对对象的TypeScript和点符号访问

Question

If TypeScript is a strict superset of JavaScript, why is dot notation on an arbitrary object erroneous? I have JS code that I want to convert over to TS for better type safety, but all access using dot notation (eg, myObj.thing ) gives me the error Property 'thing' does not exist on type '{}'. . It works properly when I use bracket notation (eg, myObj['thing'] ).

Answer 1

I know you say this is odd, but this is one of the main reasons TypeScript exists.

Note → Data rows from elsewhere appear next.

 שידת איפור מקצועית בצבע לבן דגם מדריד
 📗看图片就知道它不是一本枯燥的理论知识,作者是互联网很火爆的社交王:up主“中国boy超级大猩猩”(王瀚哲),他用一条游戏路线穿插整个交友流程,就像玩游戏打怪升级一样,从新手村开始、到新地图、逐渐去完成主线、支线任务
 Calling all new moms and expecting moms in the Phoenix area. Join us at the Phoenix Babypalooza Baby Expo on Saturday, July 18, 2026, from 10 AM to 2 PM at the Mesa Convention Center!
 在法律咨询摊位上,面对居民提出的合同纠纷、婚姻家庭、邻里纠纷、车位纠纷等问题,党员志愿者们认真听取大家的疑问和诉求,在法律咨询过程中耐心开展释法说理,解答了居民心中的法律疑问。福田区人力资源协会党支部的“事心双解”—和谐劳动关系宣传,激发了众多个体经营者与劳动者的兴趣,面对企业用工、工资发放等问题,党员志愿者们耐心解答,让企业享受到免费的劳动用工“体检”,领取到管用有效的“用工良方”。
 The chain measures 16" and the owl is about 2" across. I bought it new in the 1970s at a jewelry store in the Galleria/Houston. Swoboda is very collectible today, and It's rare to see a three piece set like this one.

This error helps prevent accidentally setting or getting non-existent properties on an object.

Right now, as the compiler is telling you, the property bar does not exist on x because it has been implicitly typed to {} when writing var x = {}; .

You can tell the compiler that x has more than zero properties by explicitly defining the type:

var x: { foo?: string; bar?: string; } = {};

Now you can get or set x.foo and x.bar without the compiler complaining. In most cases, you would move this into an interface like so:

interface IFooBar {
    foo?: string;
    bar?: string;
}

var x: IFooBar = {};

x.foo = "asdf";  // ok
x.test = "asdf"; // error, as it should be

Some people are recommending you cast to any , but don't get lazy. You should make full use of the type system TypeScript provides. Doing so will most definitely save you time down the road as you maintain an application.

Answer 2

Because of the strongly-typed nature of Typescript Object, you can use "any" to make it untyped:

var x: any = {};
x.bar = "bar";   /// ok

If what's you need is to define type of literal properties

var x: { [index: string]: TypeA } = {};

then x["bar"] can now only be instance of TypeA.

Answer 3

x does not hold any property named bar so you need create it within the object:

function foobar() {
    var x = {

        foo: 'foo',
        bar: 'bar'
    }

    return x;
}

alert(foobar().bar); //returns bar

Answer 4

mwilson got there before I could! ;)

In the code above, Typescript is unable to determine that the object x exposes a property called bar so cannot resolve it when displaying Intellisense.

Instead, add foo , bar , etc. as properties of the object itself:

var x = {
    foo: "FOO",
    bar: "BAR"
};

Then, when using the Typescript Playground , you'll be see the Intellisense work as expected:

HTH

Answer 5

I personally prefer to specify types whenever I have the chance.

Note, that you can only instantiate this variable with {} if you define the fields as optional with the ?: operator.

let x: {foo?: string, bar?: string} = {};
x.foo = 'foo';
x.bar = 'bar';

As others have said, if you plan to use this type multiple times, it's probably better to make an explicit class for it.

PS: it's better to use let instead of var when programming in typescript. (eg the scope of a var declaration is a bit quirky, compared to a let which does what you expect it to do.)